The results of this effort will be factored into the final USDA Data Management Strategic Plan.
Working Group members are Larry Heffel, FCS; Dan Keller, FS; Jeff Kerby, CFSA; John King, FISVIS; Bob Larson, FS; Ed McLaughlin, OP/MAP; Bill Pettingill, NFC; Alan Rich, FCS; Kathleen Rundle, OIRM/NCC; and Paul Whitmore, InfoShare.
A Data Dictionary is a tool which lists all data items that are used, their definitions, how and where they are used, and who is responsible for them.
Data Encyclopedias grew out of Data Dictionaries. They contain more than just data because they were developed by CASE tool vendors to comprise modeling information. They usually have graphical modeling tools, frequently including code generators. They tend to be developed by vendors to support their own modeling tools and therefore are not open to other vendors.
The Data Repository grew out of the data encyclopedias and is a "hub" communicator between all design, development, administration and graphic reporting tools. Repositories tend to be independent and open to many vendors. Repositories are more powerful than a Data Dictionary and more open than an Encyclopedia.
A Data Warehouse is a database that contains a snapshot or instance of the actual data where reporting needs can be satisfied. Data Warehouses generally contain extracted and/or summarization of production data for these purposes. So, the data warehouses are files or databases, not metadata information about them.
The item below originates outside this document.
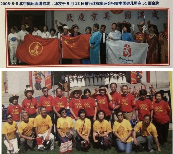2008年8月8日,世界瞩目的北京奥运会隆重开幕。我们洛杉矶华友于9月13日举行迷你奥运会祝贺中国运动员勇夺51枚金牌的好成绩。在之前我们洛杉矶华友为庆祝北京奥运圆满成功,特别制作短袖T恤,分红黄两色,T血胸前印有奥运五环图,五环图下面印有北京2008字样,左袖上面印有华友标志图,T血背后印有京奥标志图和Beijing2008。在庆祝京奥圆满成功那天,校友们都穿着红色或黄色T血来,那天北加州华友也派代表来参加,他们是穿着白色印有华友标志图的T血。
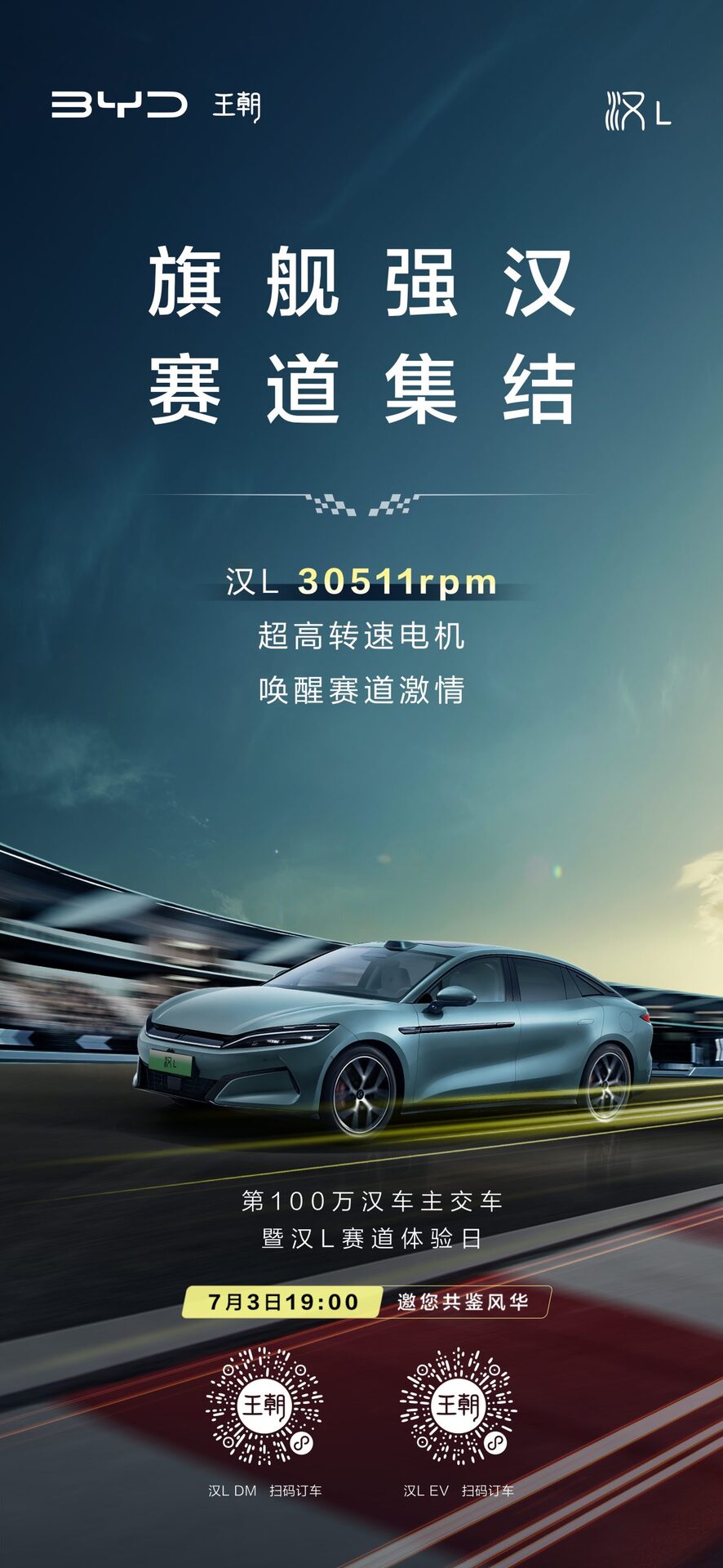 旗舰强汉,让标杆于时代中伫立 澎湃动力,让激情于赛场中张扬 第100万汉车主交车暨汉L赛道体验日 明日启幕,敬请期待! #年轻人的第一台旗舰轿车#

[TOP]Farmers Home Administration (FmHA) data administration began in the late 1970's on systems developed in the St. Louis, Missouri and Washington, D.C. offices. Mainframe systems used in 2300 field offices. Standard abbreviations have been used and enforced from the beginning. Separate standards were used to develop systems in St. Louis and Washington. The St. Louis office used standardized elements in the Computer Associates Integrated Data Dictionary (CA-IDD) for mainframe systems using CA-IDMS software. The Washington office developed 3B2 systems using Prelude and Oracle.
Federal Crop Insurance Corporation (FCIC) consisted of applications developed in Kansas City, Missouri, which supported sixteen (16) field offices and also some reinsurance companies. Separate standards were used to develop the CA-IDMS and Focus systems. The CA-IDMS software uses standardized data elements stored in CA-IDD. Standard abbreviations were derived from commercial software.
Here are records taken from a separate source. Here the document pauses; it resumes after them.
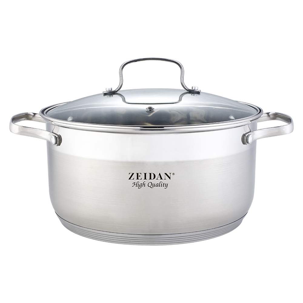 Кастрюля со стеклянной крышкой Zeidan 9,2 л (d30 см), нержавеющая сталь,5-ти степовое капсулированное индукционное дно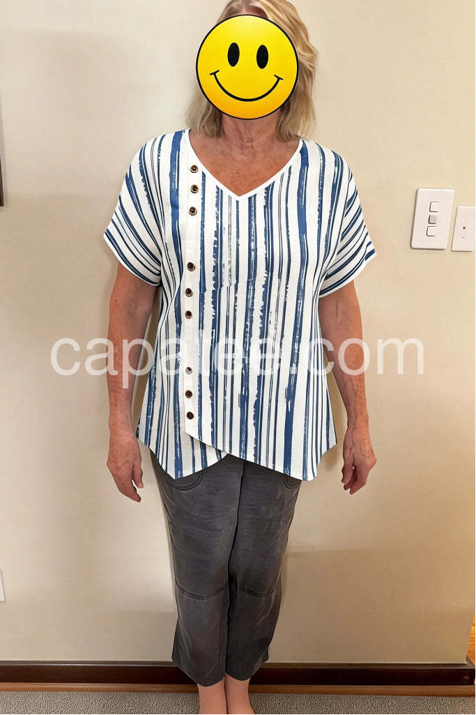 Bring a touch of seaside serenity to your wardrobe with this Nautical White Short Sleeve Striped V-Neck Top, a relaxed and stylish essential for warm-weather days. Crafted from lightweight, breathable fabric—likely cotton or linen blend—this top features a classic nautical-inspired vertical stripe pattern in soft blue and crisp white, with a subtle hand-painted texture that adds artisan charm. The V-neckline offers a flattering frame for the décolletage, while the front button placket in earthy brown tones provides both function and visual interest. Designed with short sleeves and an asymmetrical hem that gently flares at the sides, it creates a breezy, effortless silhouette perfect for layering or wearing solo. Pair it with khaki shorts, wide-leg pants, or denim for a look that’s both casual and chic. Ideal for beach outings, garden parties, or laid-back weekend errands, this top embodies the carefree spirit of coastal living. Inspired by the curated, boho-meets-nautical styles found on Lulus.com, it’s a versatile piece that brings comfort, style, and a hint of ocean breeze to every outfit.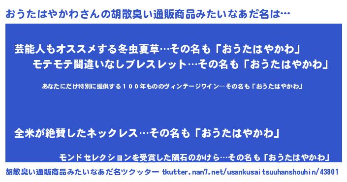 | 欧米人風あだ名 | 『ダレノガレおうたはやかわ』 |

Agricultural Stabilization and Conservation Service (ASCS) data administration started in the early 1980's. It supports a dispersed computer system in 2800 county offices using identical software and data base structures. The primary software is COBOL running on a System/36 platform. All files use standardized data elements stored in CA-IDD software. Query/36 provides County Offices with a pseudo-relational query capability using IBM's IDDU product. The development attitude in the 1980's was to "crank out the code, data administration is low priority". Data administration functions were typically assigned to lower grade individuals. Randomly constructed business names and definitions, redundant data elements, and inconsistent (6 character) IDDU names caused data redundancy and inefficiency problems that resulted in a changed philosophy toward data administration in late 1990. A business name foundation was adopted to consolidate redundant elements and an online CA-IDD interface was developed to enter business definitions. IDDU names were related to corresponding COBOL names and inconsistent element names wereconsolidated using synonyms to old names. The IDDU names were standardized throughout the systems. When the new names were implemented all existing queries became obsolete. The complaint from the county office employees was, "Why didn't you do it sooner?". A data element glossary report was developed emphasizing business name. Currently there are 13,000 data elements with definitions and domain; 6,000 of these elements have IDDU names.
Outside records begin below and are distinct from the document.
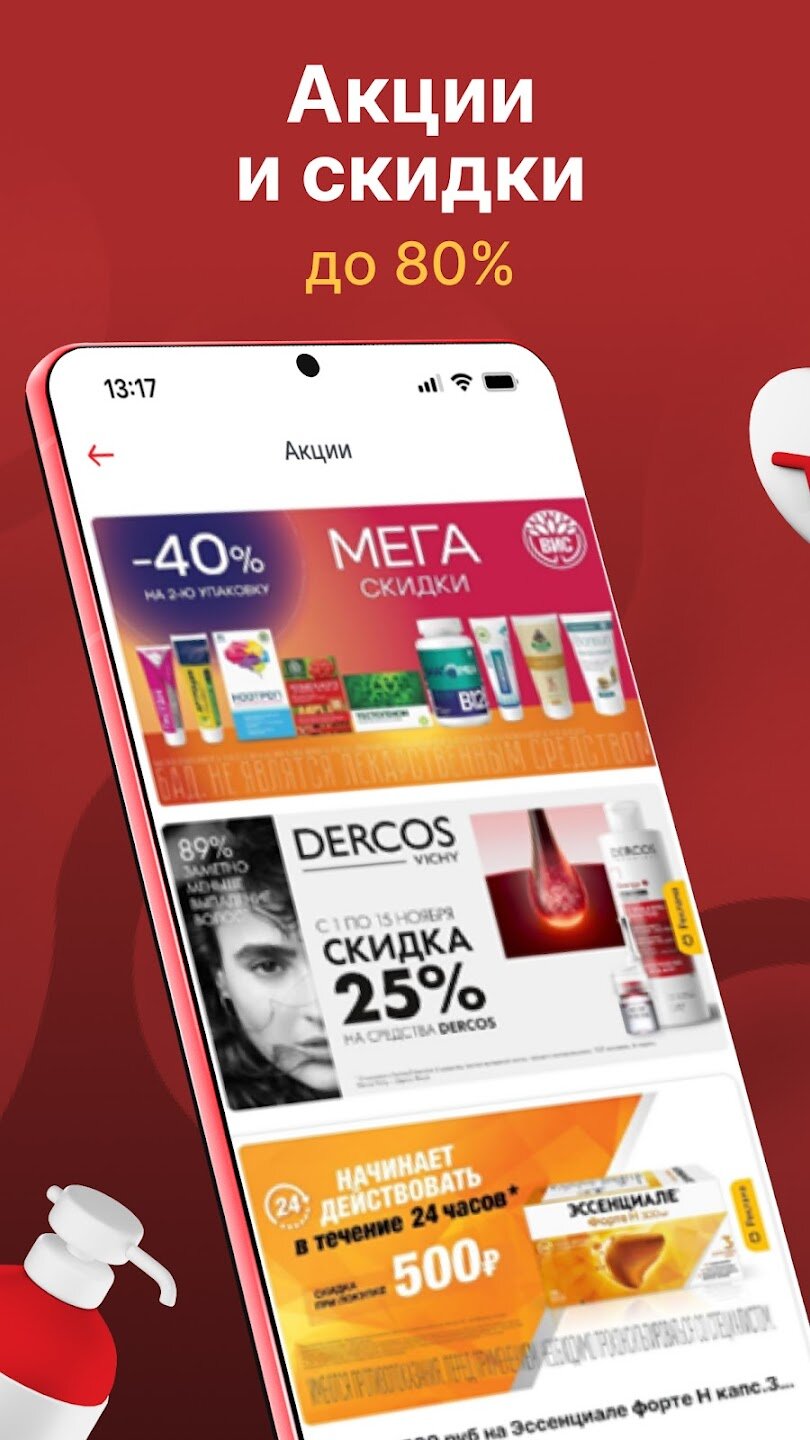 • Бонусная карта “Забота о Здоровье”. Карта автоматически закрепляется за вами по номеру телефона при регистрации в приложении. Вы сможете следить за бонусным балансом и получать персональные предложения, скидки.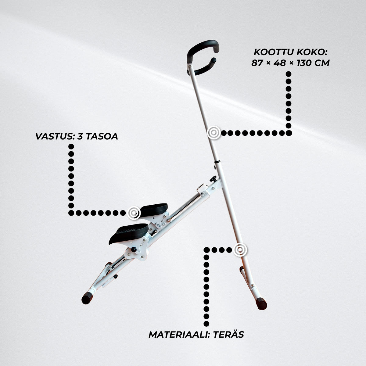 - Kätevästi säädettävä vastus: Kolme manuaalisesti säädettävää vastustasoa mahdollistavat harjoittelun henkilökohtaisten tarpeidesi mukaan.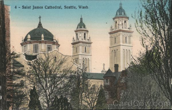 Front: 4- Saint James Cathedral, Seattle, Wash. Eff Back: Published by Rhodes Bros. 10 c Store, Seattle, Wash. Printed in Germany DOSP A.E. & I.CO, SEATTLE.
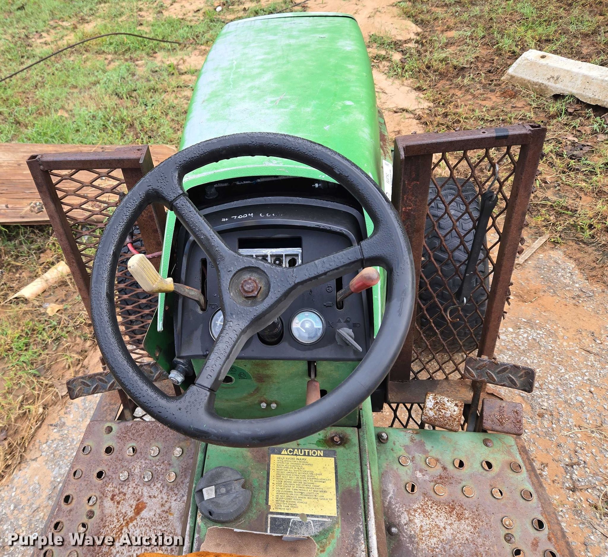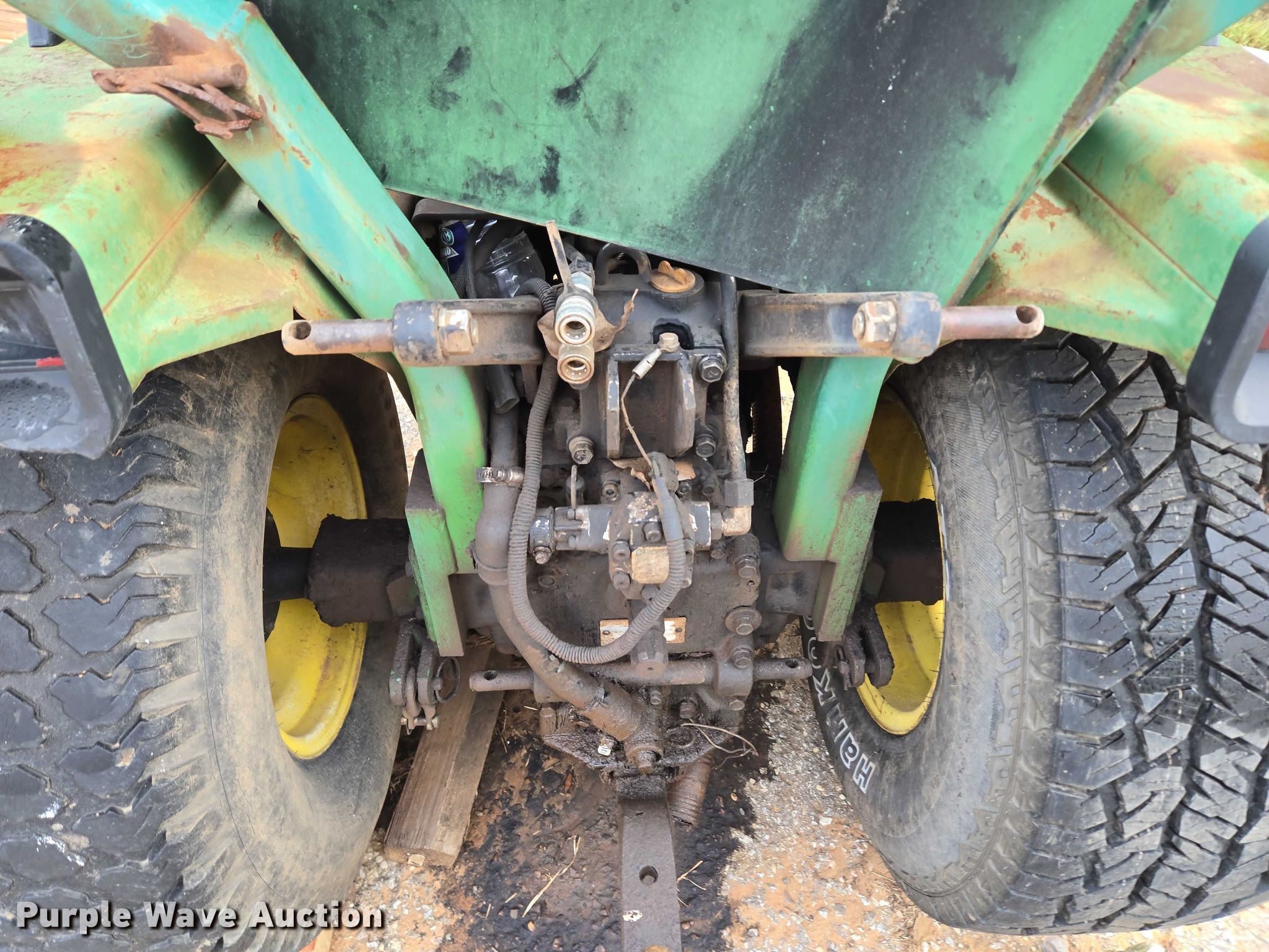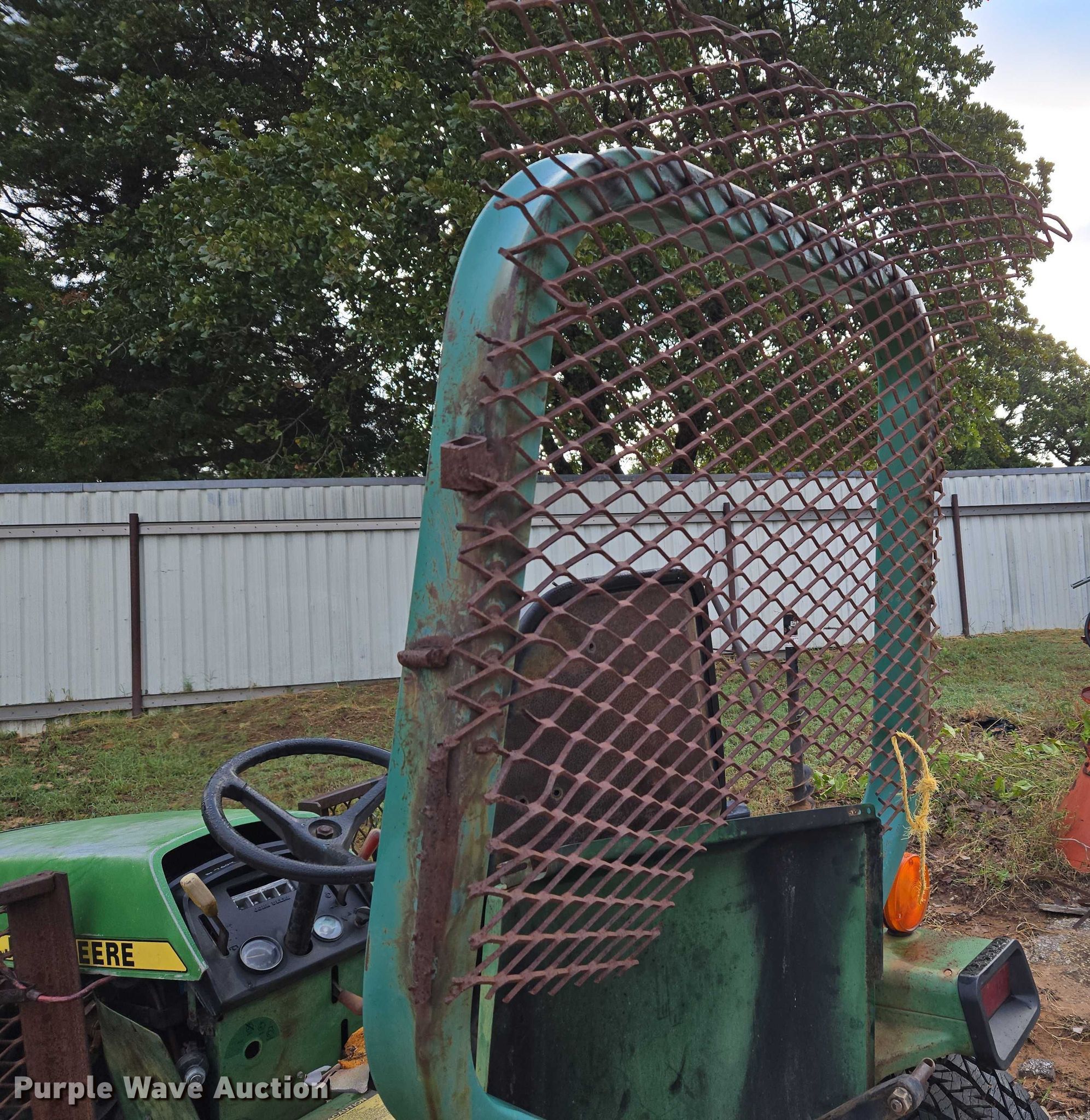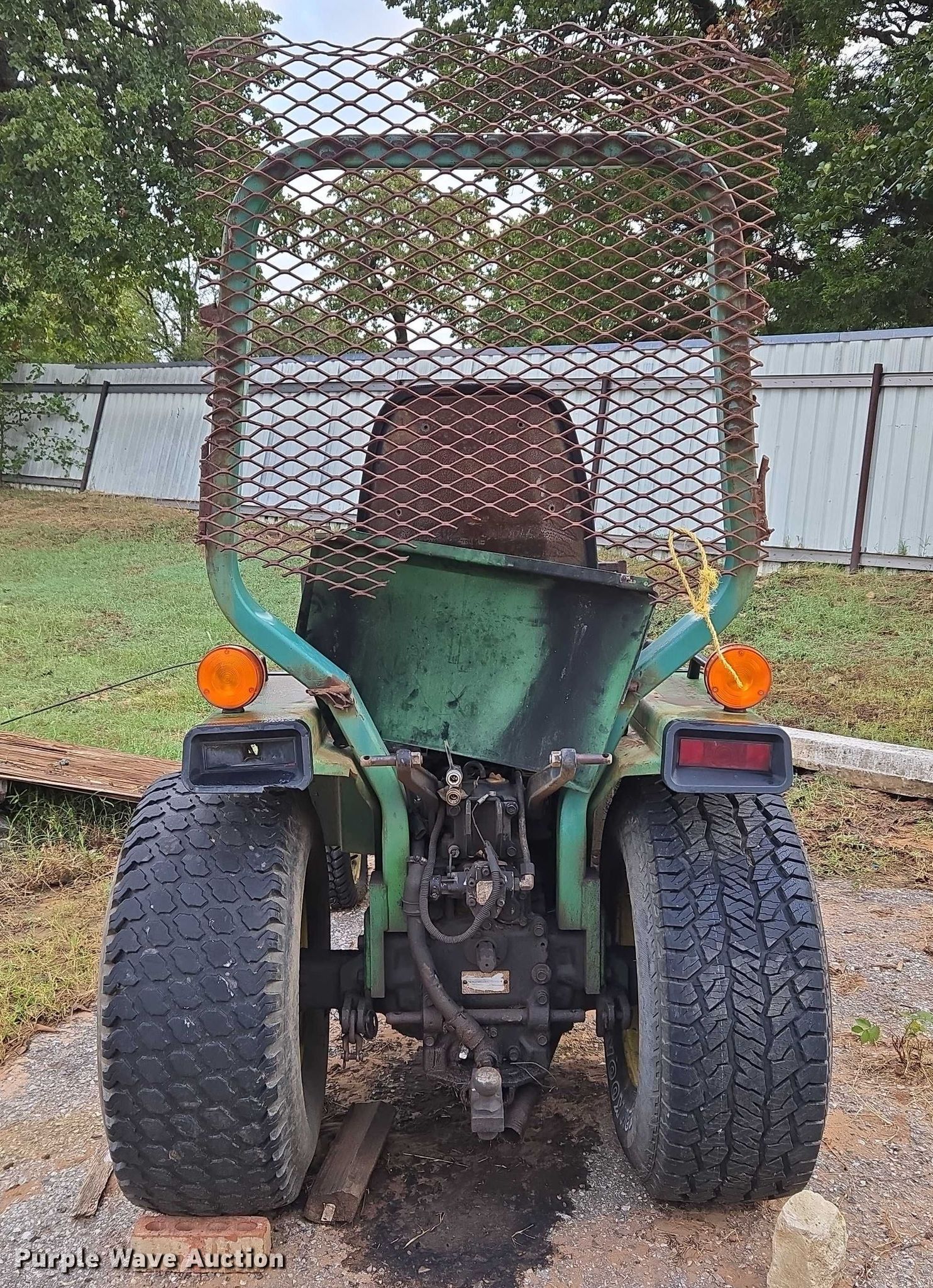 John Deere 856 tractor. Hours: 366 on meter, Serial: M00856A420066. Engine John Deere 3TN75RJ, Serial: CH3033D002967, Cylinders: 3, Fuel type: Diesel. Transmission Hydrostatic. Features PTO: 540. Tires Front: 23/8.50-12, Rear: 33/12.50-15NHS. Notes Dead battery, Key not included, Parts missing, Flat tire, Non-operational unit. Choctaw Golf Course - Maintenance Barn. Choctaw, OK 73020

CFSA is currently working on a legacy normalization project to prepare for the re-engineered Integrated Management Information System (IMIS) and Core Accounting System supporting FISVIS. The purpose of the normalization project is to upgrade legacy files to first normal relational format and to maintain recognition to existing legacy files.
A COTS package was purchased in December 1994. It is not feasible (affordable) to require the vendor to change the data elements in the COTS package and therefore FISVIS has mapped the COTS data elements to the Information Architecture entities and attributes. This was followed by the difficult task of searching National Finance Center (NFC) record layouts, tables, etc. in search of legacy data elements that must be incorporated or fed into the new COTS package. Data in existing sources must be converted to map to the information architecture and from the information architecture to the COTS package elements. FISVIS is currently using PARADOX to inventory and map the data elements. They are also in partnership with MAP and INFOSHARE for data standardization.
A repository tool is needed to help administer the FISVIS standards program. The Chief Financial Officer plans to set up a standards administration group in the Washington, D.C. area. The group will administer the Information Architecture and the Financial Management Standards Manual.
The logical data design was then used to drive the SRP function design. FCS has been very pleased with the results of its "data-driven design." The SRP replaced 44 stand-alone applications, developed during the 1970's and 1980's, with four comprehensive, integrated, on-line, menu-driven systems that radically transformed FCS's information architecture to better support the Agency's vast program mission and immense, $40-billion annual fiduciary responsibility.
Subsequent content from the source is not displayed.